The Risk Oversight Committee, which is supported by our Enterprise Risk Management function and chaired by our Executive Vice President and General Counsel, is comprised of senior executives from across CenterPoint Energy, monitors and oversees risks facing CenterPoint Energy, as well as provides risk assessments and control oversight for certain business activities, including overseeing CenterPoint Energy’s cybersecurity risks.

The crisis management team, which includes senior executives across CenterPoint Energy, is alerted as appropriate to cybersecurity incidents, natural disasters, and business outages. This team has established and continually assesses CenterPoint Energy’s communications plan in the event of a crisis. Additionally, as appropriate, the Audit Committee
39


or the Board are made aware of significant cybersecurity incidents in accordance with our cybersecurity incident response playbook.

The Cybersecurity Awareness Governance Committee, which includes leaders from across CenterPoint Energy’s corporate functions and business units, each with expertise in, or with specific responsibility for, managing or protecting CenterPoint Energy’s assets, information and personnel. This committee provides strategic direction and oversight for CenterPoint Energy’s cybersecurity awareness and training initiatives.

The Artificial Intelligence (AI) Steering Committee was established by CenterPoint Energy to provide strategic direction, oversight, and guidance in the planning, development, deployment, and management of AI initiatives within the organization. The committee's primary objective is to ensure that AI technologies are aligned with business goals, ethical considerations, appropriate security protections, and industry best practices while driving innovation and enhancing competitiveness.

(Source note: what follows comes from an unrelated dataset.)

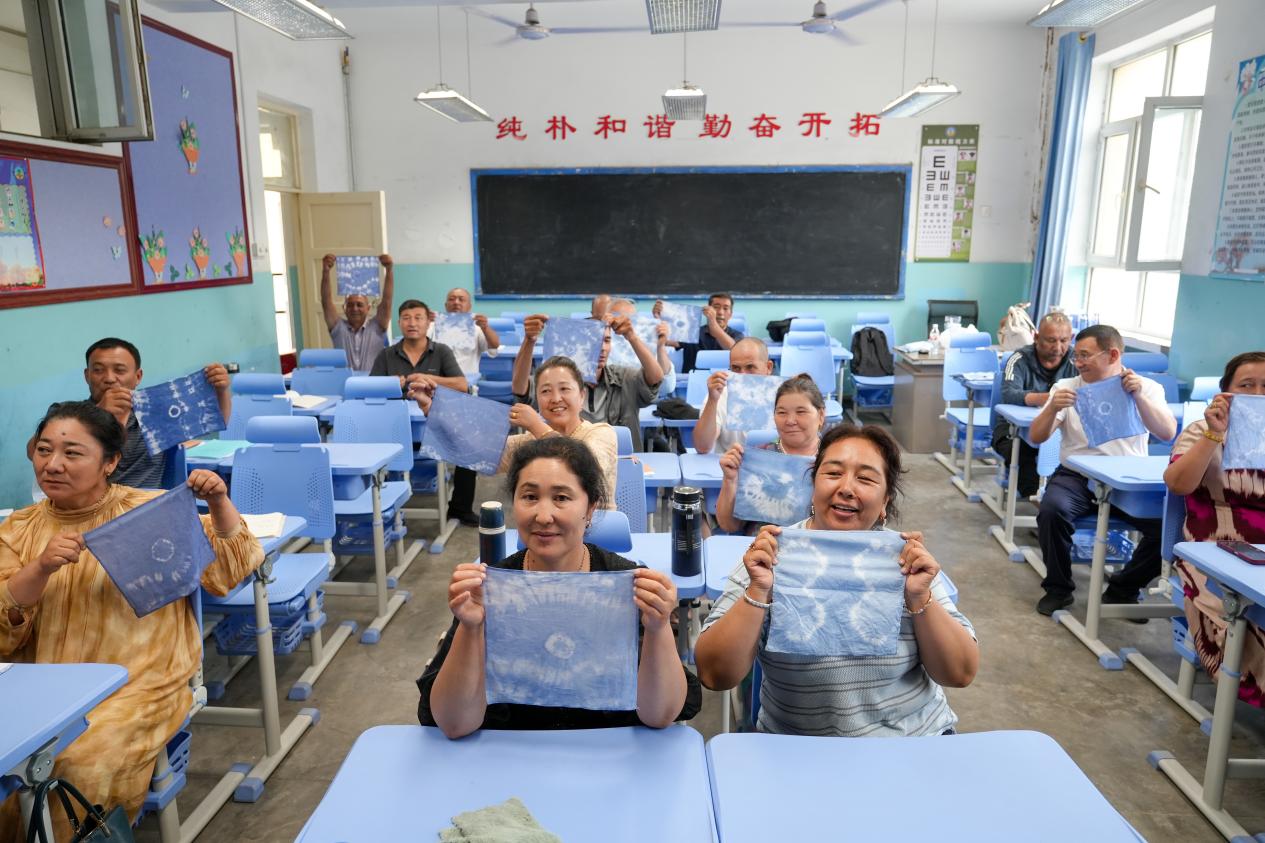在扎染工作坊里,老师们围坐在一起,跟随实践团成员的指引,有条不紊地将白布浸湿、折叠、捆扎、浸染。不一会儿,一幅幅蓝白相间、花纹独特的扎染作品便新鲜出炉。一位老师兴奋地展示着自己的作品,激动地说:“没想到白布经过这几个步骤能呈现出这么好看的图样,中华优秀传统文化太神奇了!未来我也要把这样的趣味课堂带到我的教学中,让学生们也能感受到中华优秀传统文化的博大精深。”

These committees provide periodic summary reports on their activities and initiatives to appropriate senior executives, and the Executive Vice President and General Counsel and/or various members of the cyber and data privacy teams communicates updates to the Audit Committee or the Board.

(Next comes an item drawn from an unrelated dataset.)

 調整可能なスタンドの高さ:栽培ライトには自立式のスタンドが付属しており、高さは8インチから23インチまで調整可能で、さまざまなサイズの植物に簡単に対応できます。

At the employee level, we maintain an experienced information technology team that is tasked with implementing our privacy and cybersecurity programs and supporting the cybersecurity consultant in carrying out reporting, security and mitigation functions. We also hold employee trainings on privacy, cybersecurity, AI, records and information management, conduct phishing tests, and generally seek to promote awareness of cybersecurity risk through communication and education of our employee population. The Governance, Environmental and Sustainability Committee was, and now the Audit Committee will be, provided with periodic reports on our employee cybersecurity awareness efforts.